The book, which was based on Haley’s family history, is a critical work that shaped how we talk about Black family history and the transatlantic slave trade. Haley was raised in Tennessee, where a 13-foot bronze statue of him still stands in Knoxville. While Haley received a lot of criticism of the methodology used for his novel and was sued by folklorist Harold Courlander for plagiarism, there is no denying the extraordinary impact of Roots. The television adaptation of his novel was groundbreaking in terms of bringing the horrors of the transatlantic slave trade directly to the living rooms of 130 million Americans in 1977. The miniseries aired over the course of eight consecutive nights that, more or less, rocked the nation and became a pivotal contribution to our cultural history.

So for Knox County Schools, of all places, to have made a decision to ban one of the most consequential books by a native Tennessean from library shelves under the guise of their Age-Appropriate Materials Act was jarring, if not surprising. The community was jarred, too. Knox County ultimately decided to reverse its ban per a memo released on May 26, 2026, after significant backlash.

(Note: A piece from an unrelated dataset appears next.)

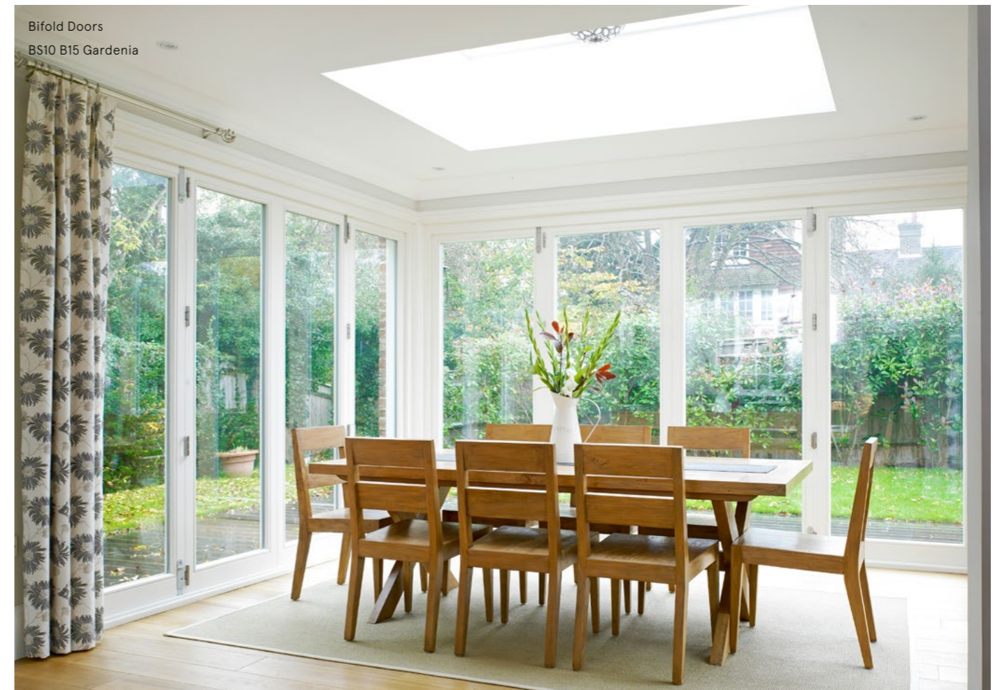
Bifold Doors BS10 B15 Gardenia

But at Playboy, Haley’s ban hit home. This magazine housed some of Haley’s most significant works, including major Playboy Interviews like those with Martin Luther King Jr., Muhammad Ali, and Malcolm X, among other notable people—including a member of the Ku Klux Klan, who Haley insisted on interviewing, despite our editor-in-chief’s initial refusal. So, we thought it important to reflect on this moment, when book bans and limits on speech are being used to suppress crucial historic information for Black Americans—from attacks on DEI initiatives at universities, to school curricula that whitewash slavery, to a Supreme Court decision that threatens decades of protections for Black voters.

Here, writer and activist Darnell Moore is joined by cultural critic and academic Brittney Cooper, a professor of women’s, gender, and sexuality studies and Africana studies at Rutgers University, for a frank discussion on race, book bans, and freedom of thought. 


Darnell Moore: First, let’s talk about book bans within the context of this current culture war.

Brittney Cooper: The Barbara Bush Foundation says that the literacy rate in the U.S. is at a point where 54% of Americans read at a sixth-grade level. The idea that we’re falling behind as a country when we compare our literacy rates, for example, to a place that we’re currently starving of oil and power—Cuba where rates are in the high 90th percentile. We have chosen across a couple of generations to actively under-educate the masses of people, and we have to ask questions about what that is about. We have what should be understood as a veritable literacy crisis in the country that runs alongside this idea that brute force is more possible, and in fact more necessary, the more undereducated your populace is. 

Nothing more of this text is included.